**Dataset extract**.
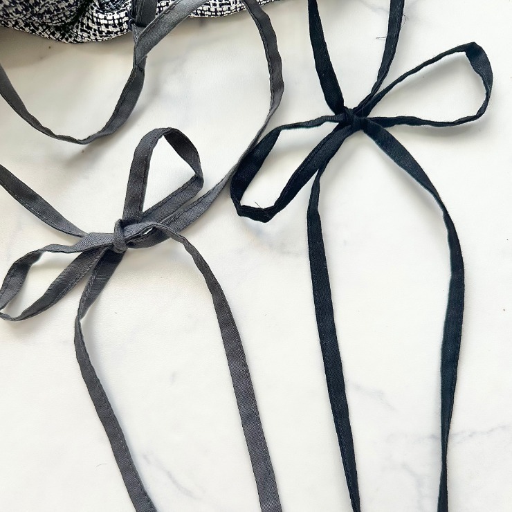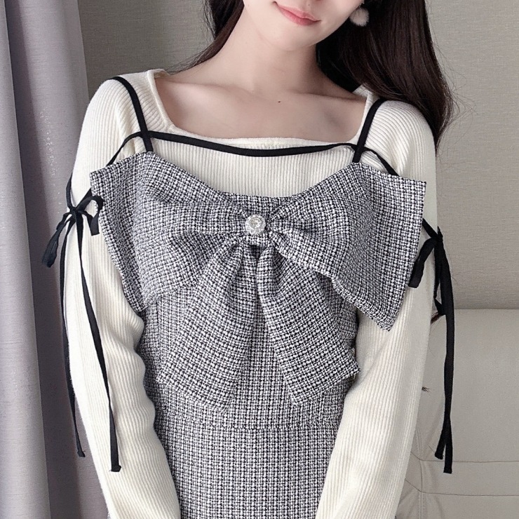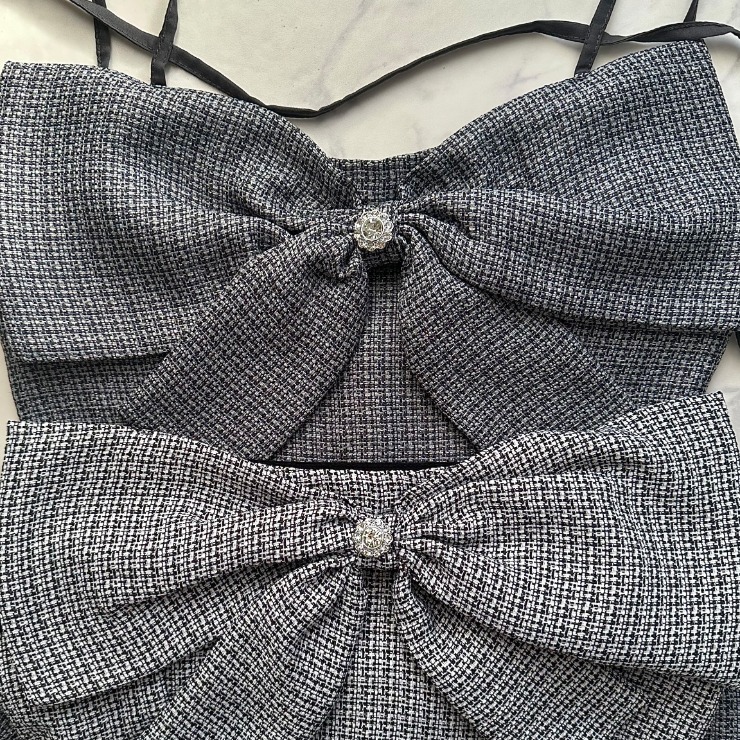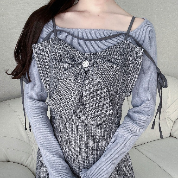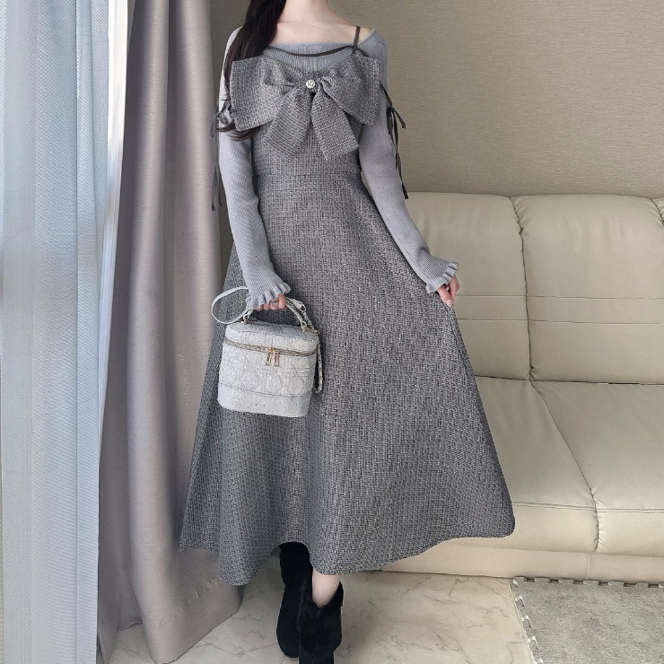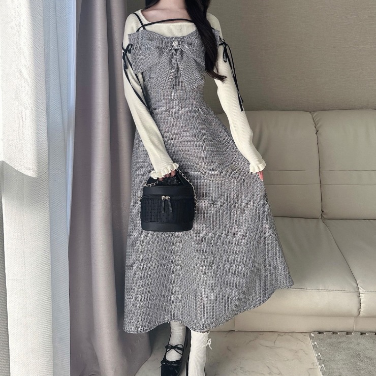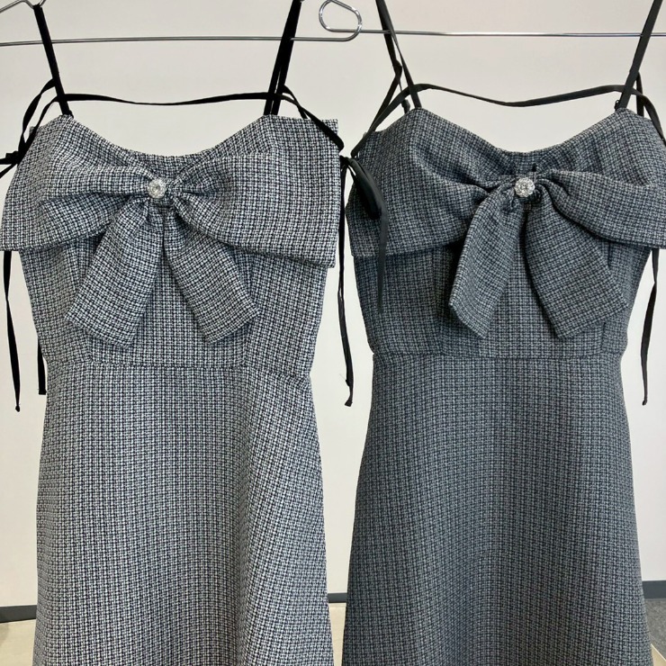 ツイード柄に胸元の大きなリボンがポイントのワンピース。
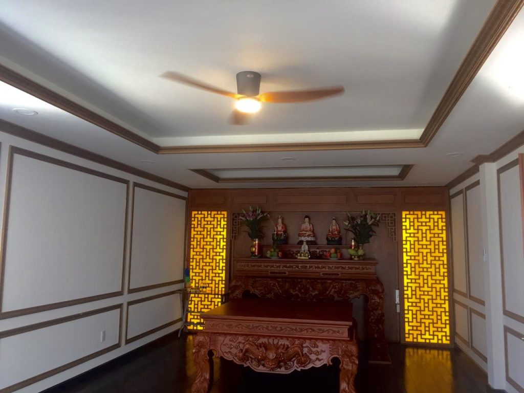 Phòng thờ cũng là 1 trong những vị trí được anh Lợi quan tâm đến, để tiết kiệm diện tích xung quanh khi nhà có đông người vào dịp cúng lễ, anh chọn mẫu quạt MR.VŨ – SKY. Mục đích lắp mẫu Sky ở phòng thờ vì mẫu này có chiều cao chỉ 20cm giành cho phòng có chiều cao trần nhà thấp dưới 3m. Đồng thời hạn chế bay nhan khói. Kèm cả đèn quạt nên buổi tối anh chỉ mở đèn quạt trên phòng thôi cũng rất sáng.
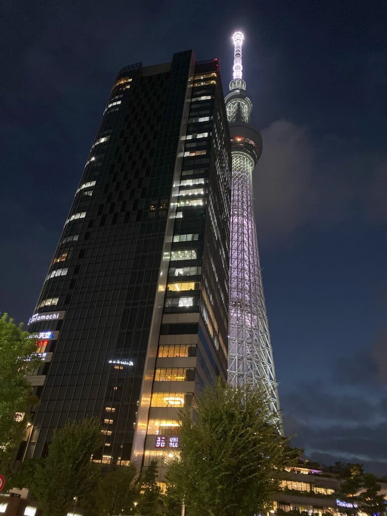 スカイツリーもライトアップされていて、昼間とは全く違った雰囲気になりました。しかし、なぜもう少し回ってライトアップされた写真を撮らなかったのか?お腹が空いていて急いでいたのでしょうね・笑。
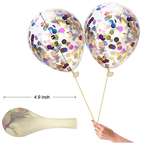 Balloon inflated diameter: 15 inches/38cm Balloon color: semi-transparent Confetti diameter: 1.5 cm/ 0.6 inch Confetti color: multicolor
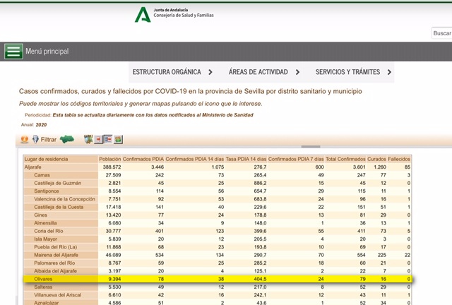 Desde el Ayuntamiento de Olivares se hace pública la información oficial de la incidencia del COVID-19 en la población de nuestro municipio. Esta información oficial es la publicada por la Consejería de Salud y Familias de la Junta de Andalucía en la siguiente web :

**Task goal**. Every line from the one containing "Balloon inflated diameter: 15" to the final line of the records must be transcribed exactly, both ends included, with the pictures left out.

**Answer to the exercise**.
 Balloon inflated diameter: 15 inches/38cm Balloon color: semi-transparent Confetti diameter: 1.5 cm/ 0.6 inch Confetti color: multicolor
 Desde el Ayuntamiento de Olivares se hace pública la información oficial de la incidencia del COVID-19 en la población de nuestro municipio. Esta información oficial es la publicada por la Consejería de Salud y Familias de la Junta de Andalucía en la siguiente web :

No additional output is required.